Relato de Anélice de Azevedo Silva (Dona Cica), filha e esposa de ferroviário.
Teatro Arlequim
O “Theatro AlecrimArlequim” foi inaugurado em 1887 e foi o primeiro da cidade, uma das principais atividades culturais disponíveis para os moradores. Seu auge foi em 1907, quando recebeu um grande grupo de atores viajantes na cidade e atraiu enorme plateia. Em 1917 ele passou a se chamar “Cine Theatro Municipal”. Além das peças teatrais, o espaço recebia apresentações de grupos musicais e até projeção de filmes mudos. Na época do cinema mudo, toda a trilha sonora dos filmes era feita por pianistas da cidade, como Francisco Fonseca. A trilha sonora ao vivo acompanhava cenas do filme. Havia grande trânsito cultural na cidade, e Formiga fazia parte da rota de muitos artistas viajantes no início do século 20. No dia 1 de setembro de 1951, um curto-circuito causou um grande incêndio no Teatro Municipal: o fogo destruiu documentos históricos, fotografias e publicações de grande parte da história da cultura formiguense.
Cine Glória
Era o principal cinema da cidade. Fazia parte de uma rede de propriedade do italiano Francisco Cupello, que distribuía os filmes pelos trilhos da EFOM. O Glória tinha capacidade para 1250 espectadores. Diariamente eram exibidas três sessões: uma matinê durante o dia, uma sessão às 18h30 e outra às 20h30. O dia mais frequentado era o domingo. A ida ao cinema aos domingos fazia parte da rotina dos moradores da cidade. Hoje é parte da memória e do afeto de muitos formiguenses que viveram histórias ali. O professor Franklin de Carvalho, diretor do Cine Glória, e Seu Toninho, porteiro do cinema, foram personagens memoráveis para quem frequentava o espaço. Um dos grandes incentivadores do teatro e cinema em Formiga era o Sr. Estático Vieira, dono da loja Nova América.
Filme chegando de trem
Em 1952 foi inaugurado em Formiga o Cine Teatro Glória. Os rolos de filmes chegavam de trem à Estação Ferroviária em um vagão que levava filmes para todas as cidades. A inauguração do Cine Teatro Glória foi marcada pela exibição do filme O Fantasma da Ópera. Além do saudoso Cine Glória, existiu em Formiga o Cine Rocha, que conta com menos registros históricos. O museu da cidade conta hoje com o acervo do antigo cinema: projetor antigo e diversos rolos de filmes.
Depoimentos
Máquina A – Máquina B
“Antigamente os filmes vinham em rolos. A gente tem uma pequena amostra ali. Pra assistir um filme longa-metragem, podia ser que tivesse até dezoito embalagens para o filme. Então, no processo precisava de duas máquinas, porque quando estava terminando a parte A numa máquina, ele já estava arrumando a parte B na outra máquina. Enquanto ele tirava a parte A, ele já arrumava a parte C e assim, por sequência, ia quase o alfabeto inteiro.”

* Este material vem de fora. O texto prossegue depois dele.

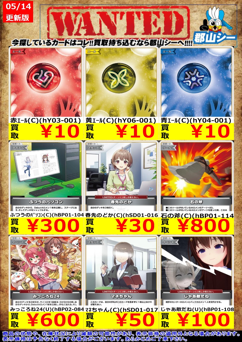 シーガル郡山店ホロライブOCGお買取り情報!! ※商品の状態や在庫状況により減額の可能性があり、表示価格の適用外となる場合がございます。 緑エール(大神ミオ)(SY)(hY02-002) ¥1,500 紫エール(紫咲シオン)(SY)(hY05-002) ¥1,800 緑エール(風真いろは)(SY)(hY02-003) ¥1,800
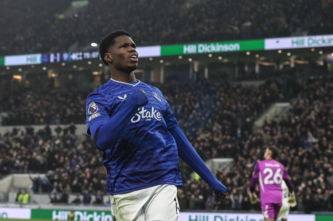 Thierno Barry of Everton celebrates his goal to make it 1-1 during the Premier League match Everton vs Leeds United at Hill Dickinson Stadium, Liverpool, United Kingdom, 26th January 2026, Credit:Ae Cosgrove/News Images / Avalon

Relato de Gervânio Araújo, funcionário do Museu Municipal Francisco Fonseca.
Missa e cinema
“Toda vida eu gosto muito do cinema, então a gente ia ao cinema, o lazer da gente era cinema, era o programa de domingo: missa e cinema. Se não fosse ao cinema no domingo, não tinha domingo. Então, assim, a gente tinha todo aquele desejo pelo teatro e cinema.”
Relato de Vera Lúcia Alves Teixeira, parente de ferroviários.
Quadrinhos e Zorro
“Olha, domingo de manhã era seriado: então todo domingo era série, era capítulo. Tinha Tarzan, Zorro, Batman e Robin, Patrulheiros Toddy, tudo isso era passado, e a gente acompanhava. Uma tradição nossa era domingo de manhã ir pra porta do cinema pra trocar revista. Tinha todo tipo de revista, e todo mundo levava a sua. Era revista em quadrinho e figurinha. Tinha revistas do Zé Carioca, Pato Donald, Fantasmas, Zorro.”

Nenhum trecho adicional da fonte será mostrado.